Salió a la calle con ganas de llorar y se reprimió mientras caminaba la calle abajo. La mezcla de dolor desesperación frustración y pena se apoderaron de él. Caminó sin rumbo durante un rato, dejándose perder entre las calles del pueblo.
Caminaba con la cabeza inclinada mirando al suelo, no sentía ganas de dejarse sorprender por la luz de la mañana, como solía hacer. Quería olvidar, desprenderse del dolor que sacó de aquel despacho al que la herencia de su tía le había llevado.
Nunca una firma en un papel le supuso tanto dolor. Nunca imaginó que enfrentarse a los suyos le supusiese el coste de sentir que algo por dentro se había roto.
Se sentó en un banco de madera, delante de la biblioteca del pueblo. Se sentía derrotado, cansado, necesitaba reponerse del desgaste que los nervios le habían producido. Encontrarse con los que hasta ese momento habían sido su familiares más cercanos y queridos, con los que había convivido durante años, con los que había celebrado y disfrutado, y que ahora los sentía enfrente por las decisiones de como él, al haber heredado la potestad de gestionar los bienes, había dispuesto según su criterio el reparto, secreto que guardó hasta el último momento.
Sabía que podría haber desacuerdos, pero nunca imaginó que llegaría a tener que enfrentarse a la avaricia, el orgullo y la arrogancia de los que le dieron la espalda dentro de su propia gente, por algo en lo que había trabajado en silencio para que todos saliesen beneficiados por igual.

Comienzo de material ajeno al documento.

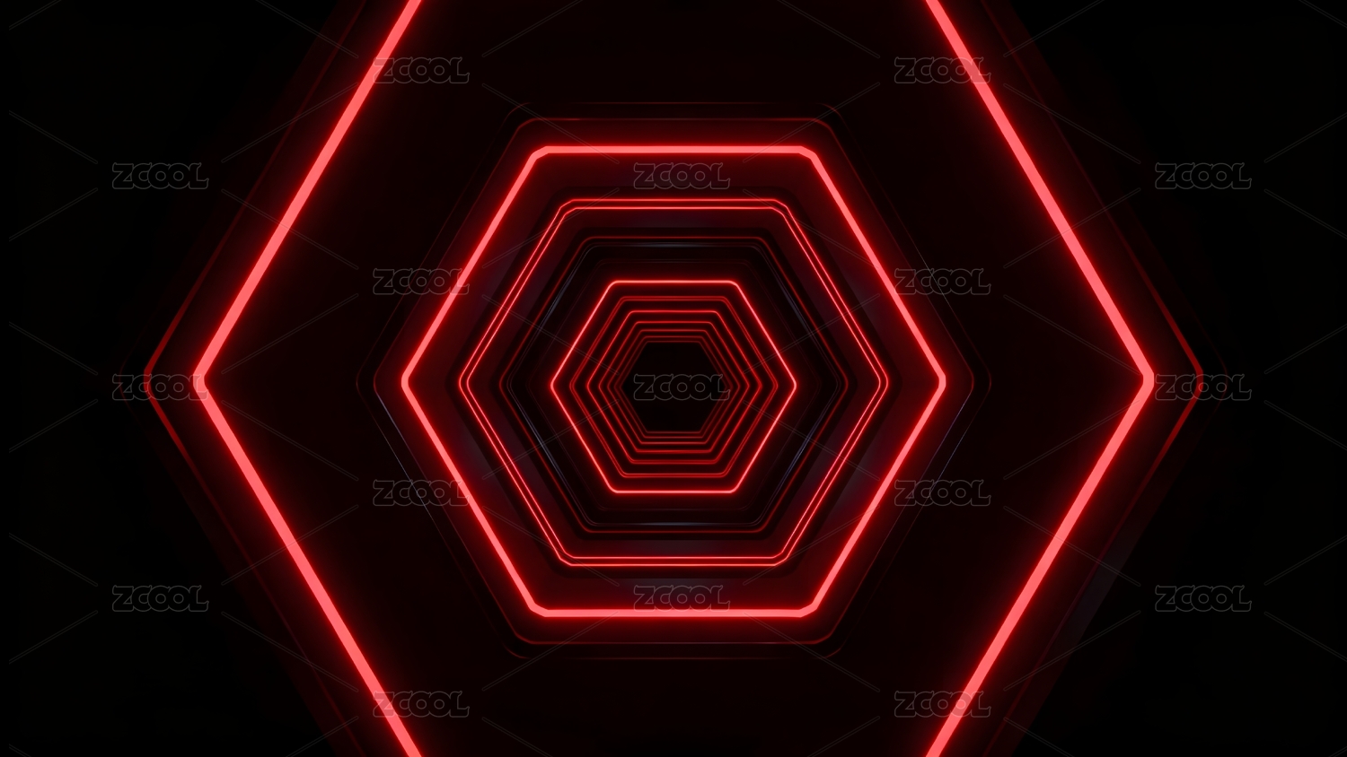 红色霓虹六边形隧道视觉效果

Ese empeño en no querer hacer el mal a ninguno de ellos, sopesando el cómo hacer para que todos tuviesen una parte equivalente le llevó mucho tiempo, mucho esfuerzo. Y la decisión final le pareció la mejor, por ser la más simple y tomada desde el afecto que le unía a todos.

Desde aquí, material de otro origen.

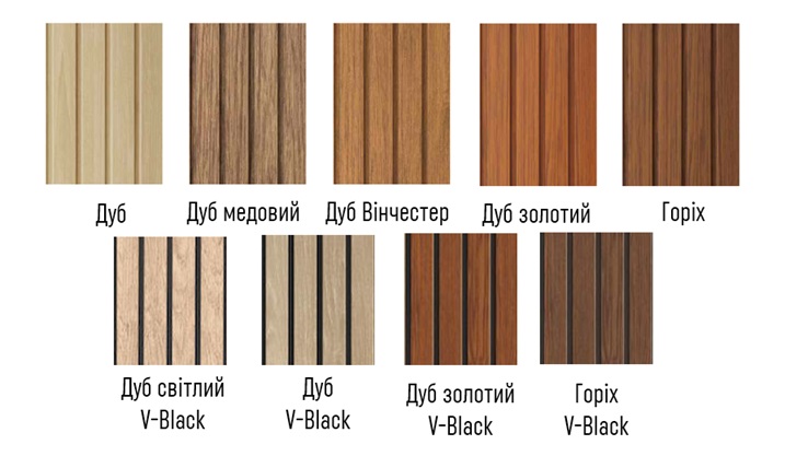 Колекція представлена у 9 актуальних кольорах під дерево — від світлих відтінків до глибоких насичених тонів. Це дозволяє підібрати матеріал для будь-яких дизайнерських рішень.

Pero las desavenencias no tardaron en llegar. Al comunicar la lectura de reparto y hacerla pública, hubo quien directamente le mandó a la mierda y le amenazó con acabar en juicio, decían sentirse traicionados por no haber sido informados antes. Hubo quien mostró su desacuerdo en un principio, pero terminaron aceptando, y hubo, los menos, que se mostraron por la labor de acabar cuanto antes e intentar que todo terminase lo mejor posible.

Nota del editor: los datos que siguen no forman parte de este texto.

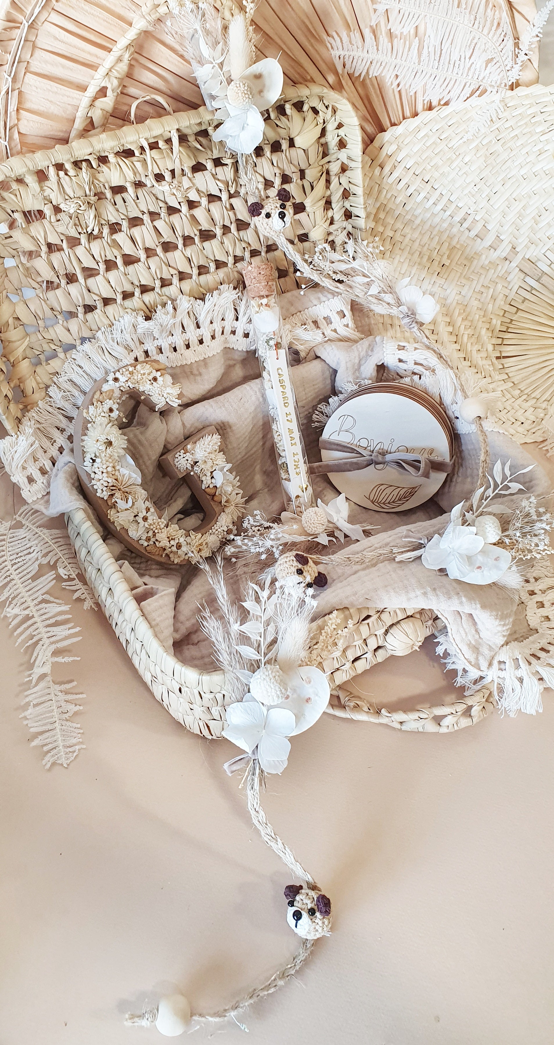 Ce coffret comprend 6 produits : une valisette ,un lange, une lettre fleurie, une guirlande lumineuse, une fiole et un kits de cartes étapes .

Se incorporó hacia adelante en el banco, apoyando los codos en sus rodillas, cubrió su cara con las manos, sentado, hundido en sí mismo. Estuvo así hasta que comprendió que hizo lo correcto y que no tenía que martirizarse más por ello.
Cuando se incorporó y abrió los ojos, se dio cuenta que había un libro a su lado en el banco, del que no se había percatado.
Era un libro viejo, de tapas duras y manoseadas, cuyo título apenas se dejaba leer. Lo cogió y lo hojeó distraídamente, mirando en las hojas el tipo de letra y el contenido. Encontró varias hojas con dobleces, y una de ellas hizo que se separasen más las hojas al pasarlas. Entonces encontró remarcadas unas líneas de texto que intentó leer, pero no pudo. El tamaño de letra era pequeña y no las conseguía ver.
Le dio pereza sacar las gafas y lo pospuso hasta llegar a un bar cercano, en el que había mesas de terraza libres, al sol, en las que acompañado de uno de los cafés que le daban la vida, seguro, podría leer ayudado de las lentes.
El libro era de Emil Cioran, y en él, se destripaba en forma de biografía partes de su trayectoria y trabajos. Buscó la página marcada y leyó el párrafo subrayado; Nuestro rencor proviene del hecho de haber quedado por debajo de nuestras posibilidades sin haber podido alcanzarnos a nosotros mismos. Y eso nunca se lo perdonaremos a los demás.
Le hizo gracia el texto, pensó si era casualidad haberlo encontrado justo ese día. Cerró el libro y fue saboreando el café humeante que le devolvió a la vida, al presente, intentando no quedar por debajo de sus posibilidades.
Recordó la tienda de artesanía de cobre, cuyos brillos le llamaron la atención al pasar y a la que no pudo entrar, por que estaba cerrada. Pensó, que ir a curiosear le serviría de terapia para olvidar el mal rato que había pasado.
Terminó el café y pidió la cuenta, mientras guardaba las gafas y el libro en su mochila, seguro que tiene algún párrafo más que me vendrá bien leer, pensó.